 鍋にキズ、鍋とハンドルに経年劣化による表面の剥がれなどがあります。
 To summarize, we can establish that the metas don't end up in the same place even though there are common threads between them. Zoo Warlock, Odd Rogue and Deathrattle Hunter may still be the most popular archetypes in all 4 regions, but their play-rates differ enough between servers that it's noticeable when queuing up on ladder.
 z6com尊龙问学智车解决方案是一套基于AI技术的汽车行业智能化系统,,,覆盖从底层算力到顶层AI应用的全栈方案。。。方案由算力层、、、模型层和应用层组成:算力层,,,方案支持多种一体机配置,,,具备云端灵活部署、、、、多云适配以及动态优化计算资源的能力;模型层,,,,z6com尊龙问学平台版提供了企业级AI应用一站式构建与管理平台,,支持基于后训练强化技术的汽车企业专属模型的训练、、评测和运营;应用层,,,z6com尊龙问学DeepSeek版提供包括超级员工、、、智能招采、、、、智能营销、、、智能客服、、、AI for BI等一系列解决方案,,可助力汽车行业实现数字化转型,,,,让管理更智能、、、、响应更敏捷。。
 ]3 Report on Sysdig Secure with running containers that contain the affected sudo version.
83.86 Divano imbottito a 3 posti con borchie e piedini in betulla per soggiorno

——

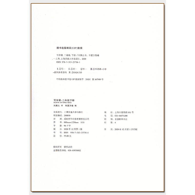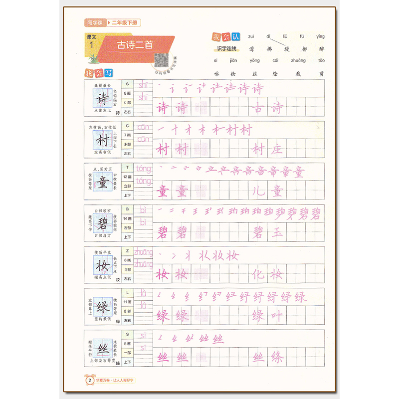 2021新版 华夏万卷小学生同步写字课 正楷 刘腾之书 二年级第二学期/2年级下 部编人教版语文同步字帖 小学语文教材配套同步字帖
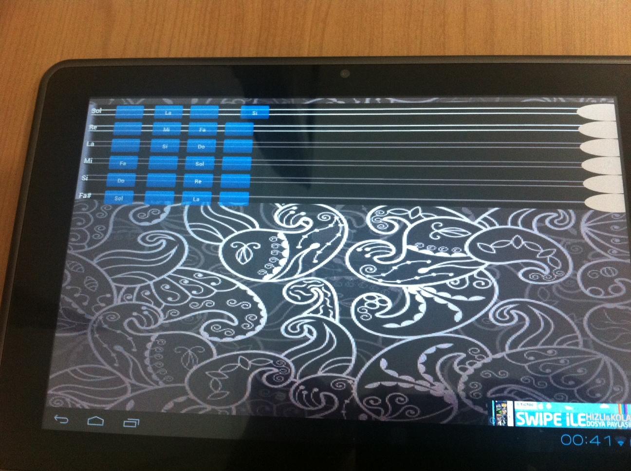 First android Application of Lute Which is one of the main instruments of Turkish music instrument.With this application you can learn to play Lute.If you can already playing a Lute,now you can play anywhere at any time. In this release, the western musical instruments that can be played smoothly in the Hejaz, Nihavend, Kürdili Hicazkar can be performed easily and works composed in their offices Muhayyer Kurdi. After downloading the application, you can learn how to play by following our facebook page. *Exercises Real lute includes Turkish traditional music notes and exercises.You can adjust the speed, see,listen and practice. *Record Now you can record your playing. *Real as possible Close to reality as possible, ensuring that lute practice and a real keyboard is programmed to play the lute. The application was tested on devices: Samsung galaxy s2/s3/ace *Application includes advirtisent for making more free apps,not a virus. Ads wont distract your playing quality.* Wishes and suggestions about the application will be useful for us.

——

*EXERCISE GOAL*
Would you copy, unchanged, the stretch of the records above that begins at the line containing "affected sudo version." and ends at the line containing "83.86 Divano imbottito", and only that?

*RESPONSE BOX*
 ]3 Report on Sysdig Secure with running containers that contain the affected sudo version.
83.86 Divano imbottito a 3 posti con borchie e piedini in betulla per soggiorno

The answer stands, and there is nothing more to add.